Жан-Батист Мольер - Дон Жуан или Каменный гость
Дон Жуан. Признаюсь, сударыня, я не обладаю даром притворства, я человек прямодушный. Я не стану вам говорить, что полон к вам все тех же чувств и горю желанием соединиться с вами, ибо ясно и так, что раз я уехал, значит я намеревался покинуть вас, хотя и вовсе не по тем причинам, которые вы, быть может, воображаете: так мне подсказывала совесть, я уже не мог себя уверить, будто и впредь могу жить с вами, не впадая в грех. Во мне зародились сомнения, сударыня, у души моей раскрылись глаза на то, что я творю. Я подумал о том, что ради женитьбы я похитил вас из монастыря, что вы нарушили обеты, связывавшие вас, и что небо весьма ревниво относится к таким вещам. Меня охватило раскаяние, мне стало страшно гнева небес. Я решил, что наш брак есть не что иное, как скрытое прелюбодеяние, что он навлечет на нас какую-нибудь кару свыше и что мне в конце концов надо постараться вас забыть и дать вам возможность вернуться к вашим прежним оковам. Неужели же вы, сударыня, будете противиться такому благочестивому намерению, неужели вы заставите меня удерживать вас и ссориться из-за этого с самим небом? Неужели...
Донья Эльвира. Ах, злодей! Теперь я вполне поняла тебя, но, на свое несчастье, слишком поздно, - от этого сознания мне будет только еще тяжелее. Но знай, что преступление твое не останется безнаказанным, и небо, над которым ты глумишься, отомстит тебе за твое вероломство.
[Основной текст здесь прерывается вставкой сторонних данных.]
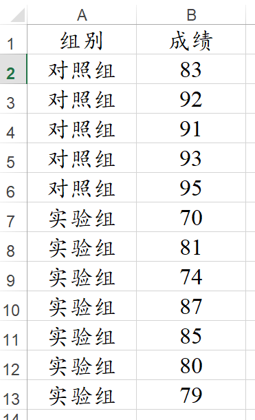 - 一定有1列表示叫‘组别’,而且里面只能为2种文字(或2个数字)。这样X就是‘组别’,Y是‘成绩’。
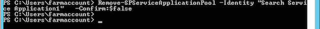 - Remove-SPServiceApplicationPool -Identity "Search Service Application1" -Confirm:$false
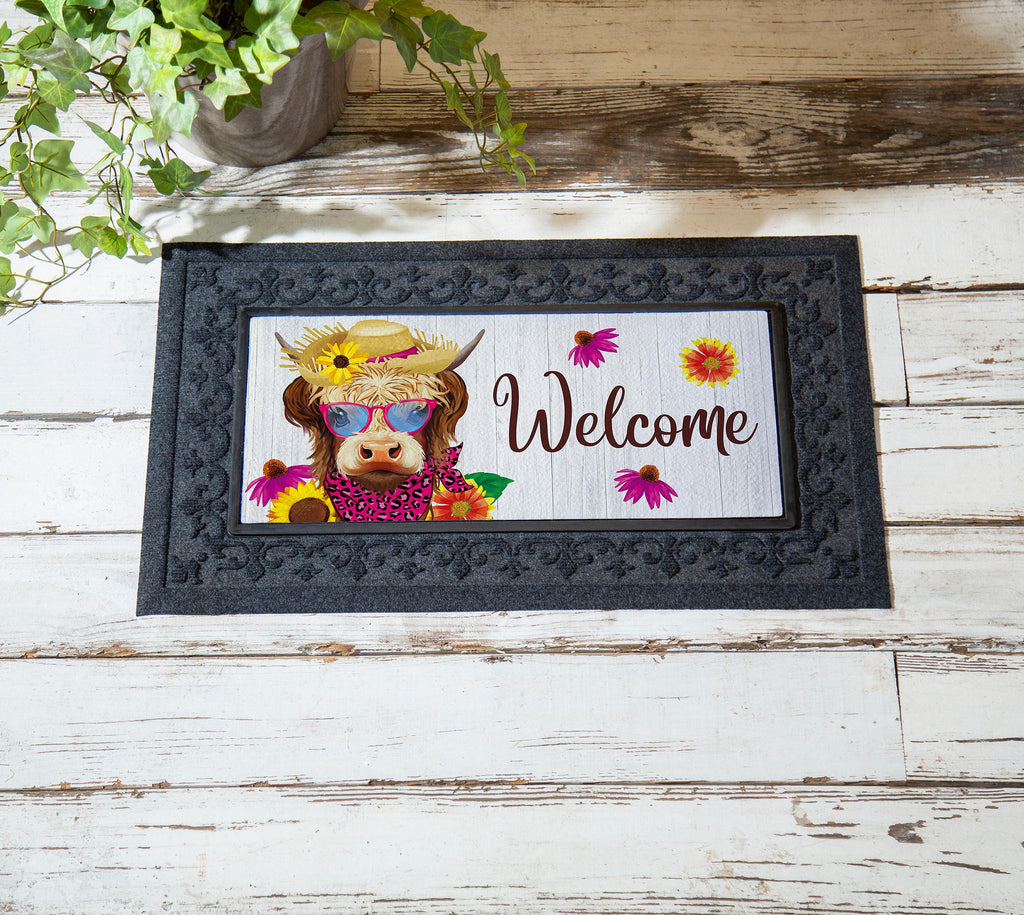 Invite a burst of summer charm into your home with the Summer Highland Cow Sassafras Switch Mat. This whimsical and vibrant doormat features an adorable highland cow adorned with sunglasses and a sunhat, surrounded by cheerful flowers. The playful design is perfect for adding a touch of personality to your entryway while welcoming guests with warmth and style. Crafted to fit in standard Sassafras bases, this mat is both versatile and durable, ideal for seasonal updates to your home’s exterior décor.
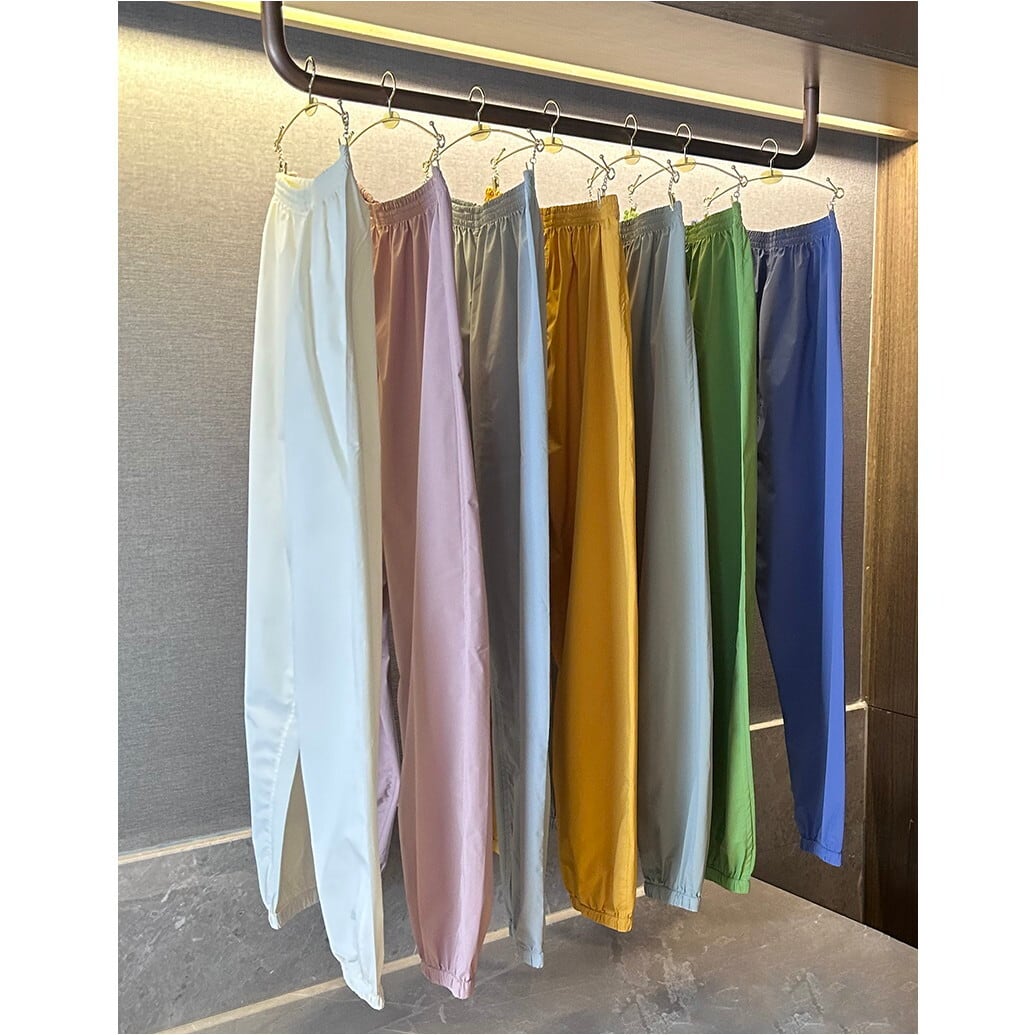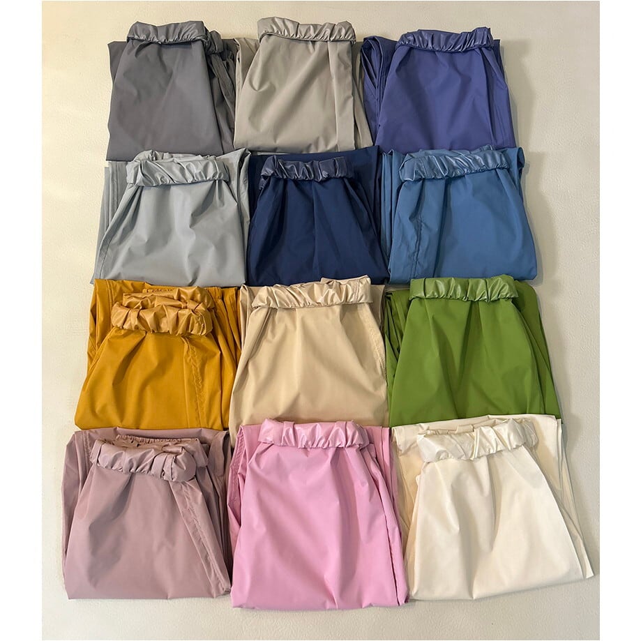 【商品管理番号】 A0228 【商品説明】 ビビットなカラーが特徴的なデザインで、さまざまなシーンで活躍するウォームアップパンツです。軽やかな素材感が心地よく、アクティブな動きをサポートします。リラックスしたシルエットが身体を包み込み、スタイリッシュな印象を与えます。優れた通気性を兼ね備えているため、ウォーミングアップやフィットネスの最中でも快適さを保ち、思い切り身体を動かせることができます。 【サイズ】 【S】総丈:100cm/身長:150-160cm/体重:40-47.5kg 【M】総丈:103cm/身長:155-165cm/体重:47.5-55kg 【L】総丈:105cm/身長:160-170cm/体重:52.5-62.5kg 【カラー】 ブラック ブルー オフホワイト シルバー イエロー ピンク 【素材】 ポリエステル50%/ナイロン50%

Дон Жуан. Слышишь, Сганарель? Небо!
Сганарель. Не на таких напали, нам-то это хоть бы что!
Дон Жуан. Сударыня...
Донья Эльвира. Довольно! Я ничего больше не хочу слушать и даже виню себя, что выслушала слишком много. Это малодушие - позволять, чтобы тебе еще объяснили твой позор. Слушая такие речи, благородное сердце с первого же слова должно принять твердое решение. Не жди, чтобы я разразилась упреками и проклятиями, - нет, нет, гнев мой не таков, чтобы изливаться в пустых словах, вся ярость моя сохранится для мести. Говорю тебе еще раз: небо накажет тебя, вероломный, за то зло, которое ты мне причинил, а если небо тебе ничуть не страшно, то страшись гнева оскорбленной женщины.
ЯВЛЕНИЕ IVДон Жуан, Сганарель.
Сганарель (в сторону). Если бы в нем могла заговорить совесть!
Дон Жуан (после краткого раздумья). Теперь подумаем о том, как нам осуществить нашу любовную затею.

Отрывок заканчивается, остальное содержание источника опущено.